Einige technische Herausforderungen schränken die Effektivität von Conversational PR ein. Chatbots können sehr leicht unecht oder künstlich wirken. Sie haben aber die Möglichkeit Ihren Chatbot so zu programmieren, dass er eine einfache und natürliche Sprache nutzt.

Da Chatbots außerdem noch recht neu sind, können sie bisher noch keine konsistente Qualität in Bezug auf ihre Reaktionen garantieren. Während der Chatbot eines Unternehmens bereits sehr fortschrittlich scheint, kann der Bot eines anderen Unternehmens noch immer zu roboterhaft oder mechanisch wirken. PR-Experten können nicht die gesamte Branche verbessern, sie können aber dafür sorgen, dass ihre eigene Arbeit für gute Kundenerlebnisse sorgen…

Tipps für Erfolg mit Conversational PR

Viele PR- und Marketingexperten, die das erste Mal mit Chatbots experimentieren möchten, beginnen zumeist mit dem Facebook Messenger. Wir empfehlen aber mit verschiedenen Plattformen zu experimentieren und unterschiedliche Technologien zu testen. Wenn die Zielgruppe Ihrer Kunden zum Beispiel nicht besonders viel Zeit auf Facebook verbringt, ist es vermutlich erfolgsversprechender einen Chatbot direkt auf der eigenen Webseite einzusetzen.

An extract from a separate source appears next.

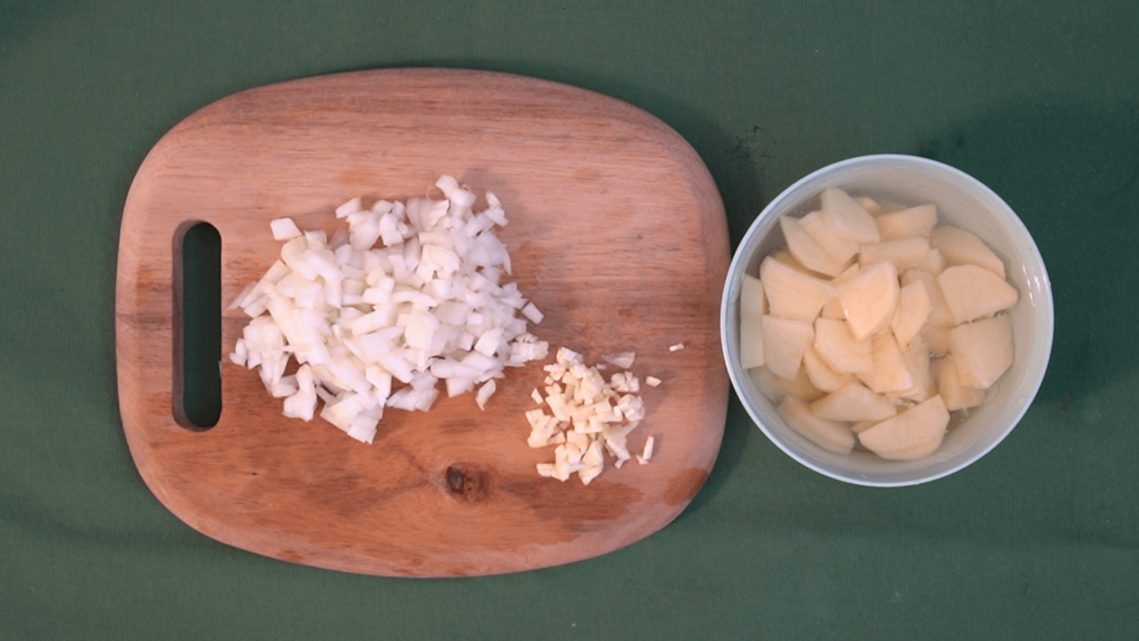 玉ねぎ、にんにくはみじん切りにし、じゃがいもはいちょう切りにカット。じゃがいもは水にさらしておく。
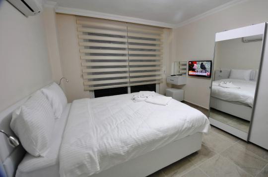 Çift kişilik yatak, Elbise dolabı, Komidin, Makyaj masası, Klima, Banyo, Balkon bulunmaktadır.

Das Ziel von Chatbots ist es mit Nutzern auf natürliche Weise zu interagieren und Gespräche zu führen. Ihr Chatbot sollte deshalb nicht zu formal oder zu verspielt klingen, sondern in der Kommunikation mit den Nutzern leicht verständliche Worte nutzen.

Ein schlechtes Beispiel: “Danke, dass Sie XYZ nutzen. Wonach sind Sie heute auf der Suche?”

Ein gutes Beispiel: “Hallo! Wie kann ich Ihnen helfen?”

Conversational PR – wie geht es weiter?

Gini Dietrich, CEO von PR-Agentur Arment Dietrich und Autorin bei SpinSucks, meint: „Die PR entwickelt sich weiter, aber unsere Branche hängt in Bezug auf digitales Marketing, Künstliche Intelligenz und PR-Automatisierung etwas hinterher. Wenn wir uns nicht auf diese Veränderungen einlassen – so wie wir es vor 10 Jahren mit Social Media getan haben – dann wird KI uns nicht unsere Jobs wegnehmen. Ganz im Gegenteil, es wird unsere eigene Schuld sein, da wir nicht mehr auf dem neuesten Stand sind.“ Wendy Marx, Vorsitzende von Marx Communications, teilt diese Meinung und sagt, dass die „PR überfällig sei, wenn es um Automatisierung geht„.  Laut einer Umfrage von Gould & Partners investieren PR-Unternehmen 2% ihrer Einnahmen in Technologie, während andere Branchen bereits 5% investieren. McKinsey & Company haben außerdem herausgefunden, dass 45% aller bezahlten Aktivitäten in Zukunft durch PR-Automatisierung ersetzt werden können.

Viele PR-Experten fühlen sich von Automatisierung nicht bedroht, da Chatbots oder andere Technologien keine kreativen Fähigkeiten besitzen. Marketingexpertin Susan Cellura sagt: „Ich möchte zu meinen Kunden eine effektive Beziehung aufbauen, damit sie sehen, dass künstliche Intelligenz nicht in der Lage ist Kreativität und Strategie zu ersetzen. Ich möchte außerdem zeigen, dass eine menschliche Verbindung wichtig ist, um Marken zu stärken, Markenbotschafter zu gewinnen und mit Kunden zu kommunizieren und zu interagieren.

Wir sind auch der Meinung, dass Conversational PR die traditionelle PR nie komplett ersetzen wird. Chatbots sind auch dafür bekannt Fehler zu machen und dann ist es die Aufgabe des PR- oder Marketingteams diese zu beheben. Trotzdem ist Conversational PR ein sehr effektiver Ansatz, um mehr Gespräche mit Kunden zu ermöglichen und mit der eigenen Marke eine größere Zielgruppe anzusprechen. Sollten Sie es bisher noch nicht getan haben, empfehlen wir Ihnen die Möglichkeiten und Risiken von Conversational PR zu entdecken und in der Praxis zu testen.